15. The perusal of records reveals that the learned trial Court, upon due appreciation of evidence on record, recorded the findings that plaintiffs have failed to prove its case. 16. The learned first Appellate Court has also after due appreciation reconsidered the entire evidence and discussed the same for its judgment from para 5 to 37 and found that no illegality has been committed by the learned trial Court while dismissing the suit. 17. This Court in exercise of power under section 100 of CPC cannot interfere with the findings of fact unless and until they are perverse and without any record and while deciding the second appeal under section 100 CPC, the High Court is not required to re appreciate the entire evidence on record and to come to its own conclusion and the High Court cannot set aside the findings of facts recorded by both the courts below when the findings recorded by both the courts below were on appreciation of evidence. 18. In this case as discussed above, both the Courts below have recorded impeccable findings based on proper appreciation of evidence on record. Upon perusal of the judgment and decree of the Courts below and the arguments advanced, the appeal is found to be devoid of any substance because in the opinion of this Court, entire gamut of the matter is in the realm of facts of the case. No question of law much less substantial question of law arises warranting interference under section 100 of CPC. In the case of Apparaju Malhar Rao v.
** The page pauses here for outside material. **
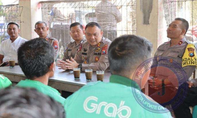 Kali ini Kapolres Blitar sengaja mengumpulkan komunitas ojek online ( Ojol ) untuk saling berbagi informasi dan mendengarkan aspirasi para pengemudi ojek during.

Tula Venkataiah @ Venkat Rao (dead), 2018 (1) MPLJ 567 it is held that in absence of any substantial question of law arising in appeal, appeal merits dismissal in limine. 19. Consequently, the judgment and decree dated 22.2.2022 passed by the Additional District Judge, Pichhore, District Shivpuri in Regular Civil Appeal No.27 of 2017 as well as the judgment and decree dated 8.12.2017 passed by Civil Judge, Class-I, Khaniyadana, District Shivpuri in Civil Suit No.31-A/2015 are hereby affirmed. 20. The Appeal fails and is hereby dismissed in limine.